Even though brute force password cracking is not how password crackers break passwords (they use a combination of brute force, dictionary attacks, word list permutations, l33t substitution and previously broken password lists), the one benefit brute force has is that it guarantees a cracked password of a given length within a maximum amount of time. For 8 character passwords on my rig, I can crack it guaranteed within 1 day 7 hours maximum, though on average it will take me 15.5 hours.

8 character passwords are just not safe. My point is that anybody can crack your password in less than a day if it is 8 characters long - no matter how random it is. You do not need super expensive hardware or rent Amazon EC2 nodes. And in 5 years they can use the same cost hardware to crack a 9 character password in 1 day assuming Moore's law continues.

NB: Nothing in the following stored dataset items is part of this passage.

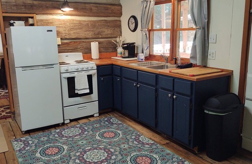 Enjoy staying in an early 1800s log cabin with modern amenities. The Red Roof Cabin has a wrap around porch overlooking the stream, a full kitchen and bath, a large bedroom and wooded trails just steps away.
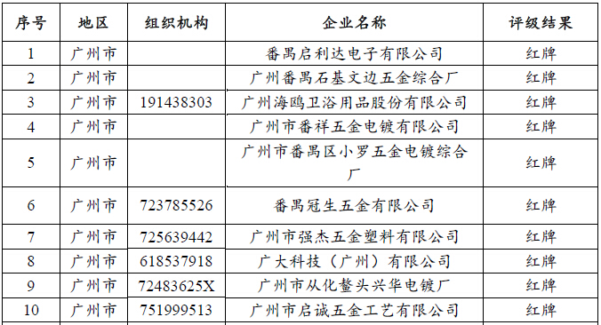 广东省重点污染源环境保护信用评价结果环保严管企业(广州市-红牌)
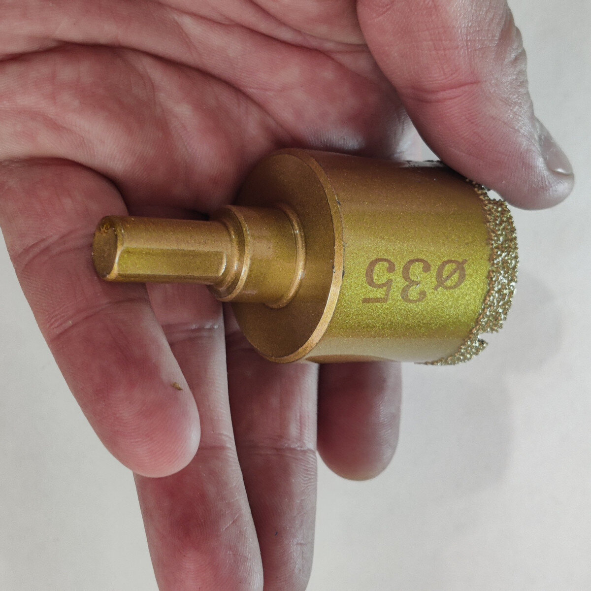 Усиленная коронка с алмазным покрытием. Крепление на дрель или шуруповерт. Легко справляется с прочными материалами.
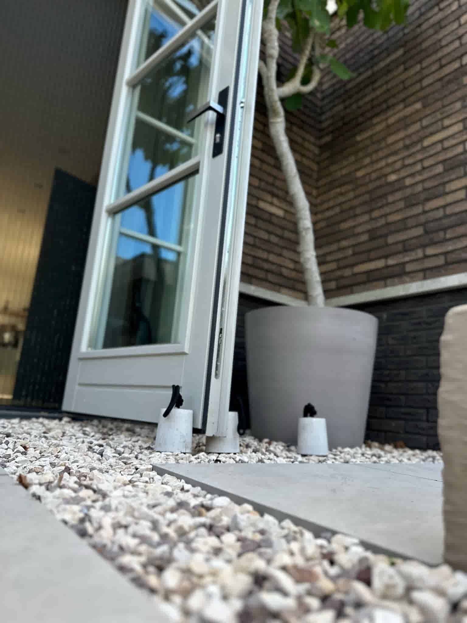 Leuke betonnen deurstoppers gekocht. Deze houden wel stand bij meer wind. Ze zijn niet extreem zwaar maar voldoen toch prima.
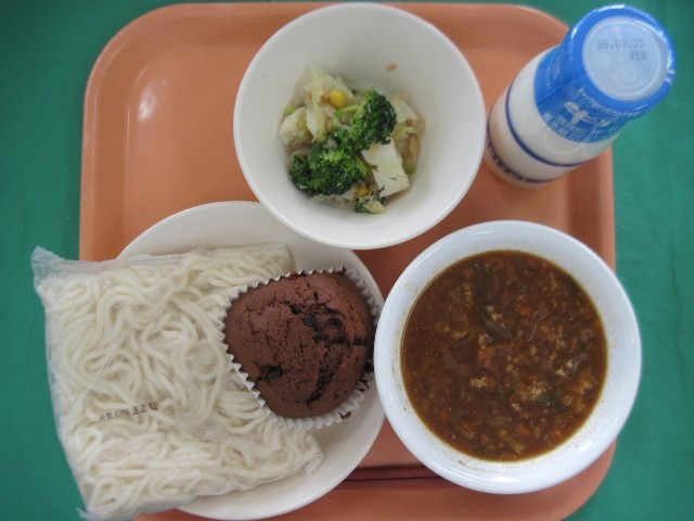 ソフト麺 牛乳 肉味噌タンタン麺の汁 花野菜サラダ 手作りチョコケーキ
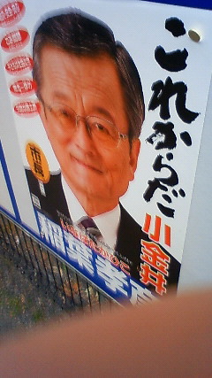 右の写真は今回ではなく前回の市長選のポスター。3期12年もの任期中にゴミ処理場を建設できなかった稲葉元市長。そんな市長の12年後に出たキャッチコピーが「これからだ小金井」、さすがに市民も萎えた。
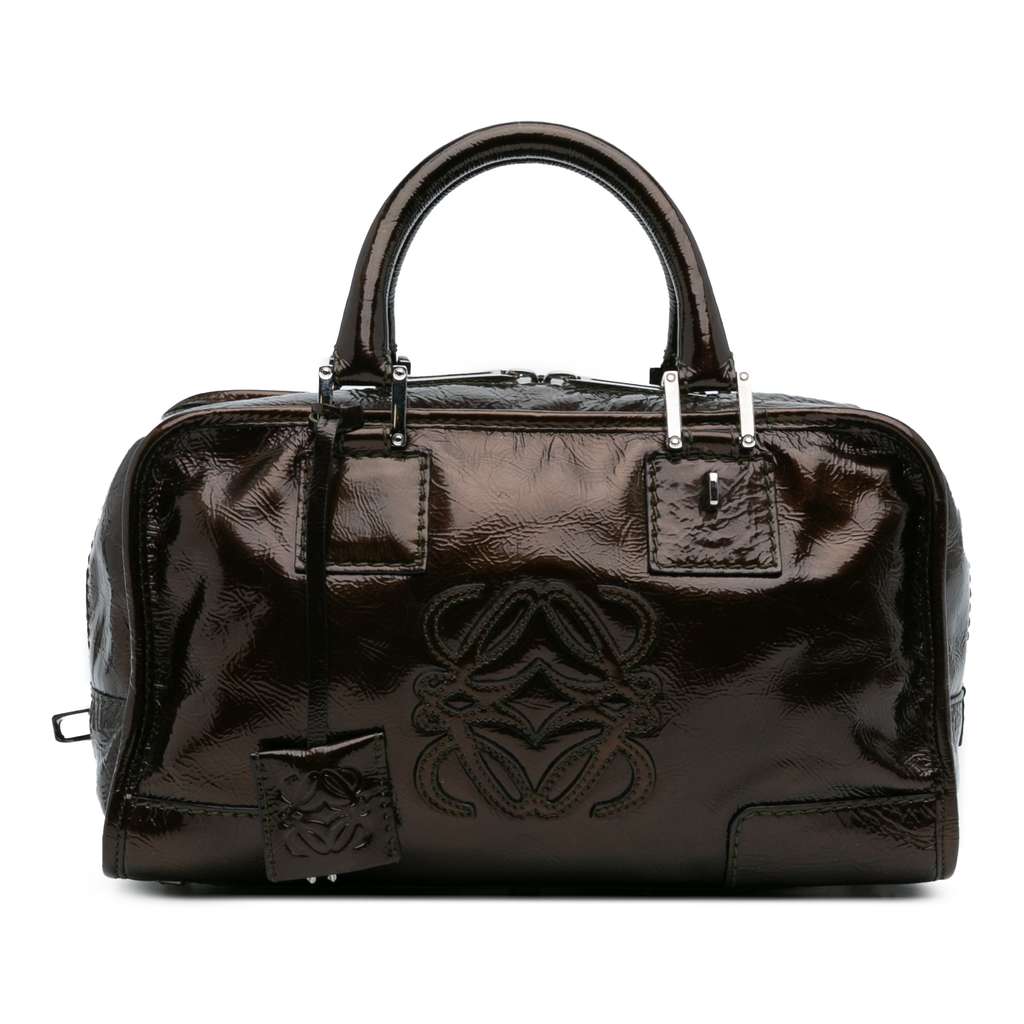 The Amazona 28 features a patent leather body, rolled leather handles, a top zip closure, and interior zip and slip pockets.

I must admit - I am simplifying somewhat here. I assumed the password hash is stored as an MD5 hash. This is unfortunately true for the majority of sites as they have never updated to the newer SHA1 standard, which is now obsolete as it is insecure too. If a site uses something strong like PBKDF2 and multiple rounds of encryption (say 1000), then my rig will NOT even come close to 55 billion hashes per second.

My recommendation still stands: Pick a minimum length of 12 characters, preferably totally random, use a unique password per site / account and use a password manager to remember your passwords.